Using XML schemas to describe data that you need to exchange with 3rd parties is great. Schemas define a machine-readable format that can be directly re-used by developers on the “other side”. Now isn’t that a win-win situation if you ever saw one?
However, while I think that schemas should be regarded as contracts, if you are designing schemas that will be handed over to business partners, you should think about them long and hard. Once you hand them over, there’s no turning back: these schemas now live in a world over which you have no control. You do not know how and where they will be used, nor can you estimate what impact a possible change may have on your business partners.
Handing out a schema is like signing a contract: it becomes carved in stone. Schemas you have shared with business partners should be regarded as immutable. There’s really no such thing as a schema change. There’s only new schemas…
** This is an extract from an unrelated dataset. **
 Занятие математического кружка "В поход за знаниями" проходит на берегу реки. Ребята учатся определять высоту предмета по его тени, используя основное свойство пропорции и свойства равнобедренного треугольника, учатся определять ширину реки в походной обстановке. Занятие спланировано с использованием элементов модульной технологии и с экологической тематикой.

That’s why I’m all for building schemas with flexibility in mind. They should only be as strict as they really, really, really need to be (and even then subtract another 20%
). If you’re the schema creator, you have to keep that in mind all the time, and you must think about the possible scenarios that may result from what you are doing.
Don’t think about schemas as a developer, think about them as a business user.
Here’s an example: do you really want to refuse a 100.000€ order message with an “invalid messsage” error the moment you receive it – annoying the crap out of your customer, your salespeople, and probably your CEO in the process – because the customer’s software may not be as strict as yours and he accidently misformatted the order date? Keep in mind that there (usually) are humans in your organisation, who can look at that misformatted date and either interpret it, or pick up the phone and call the customer. The goal is not avoiding errors, the goal is allowing the order to be processed even in case of correctable errors.
In other words, you should be able to deal with a lot of eventualities in the business processes that sit behind your interfaces. That’s the place where you really define your level of flexibility. Your XML schemas should allow for that flexibility.
A good way to think about that is to regard messsages you receive from customers not as something that needs to be stuffed in databases and therefore needs to be tightly controlled.
The XML order message you receive from your customer isn’t the order itself!
Instead, it’s just the trigger that starts your internal order process, during which you can validate, correct, enrich, and route the data to wherever it needs to be. The result of that process is an order (and probably some other things as well).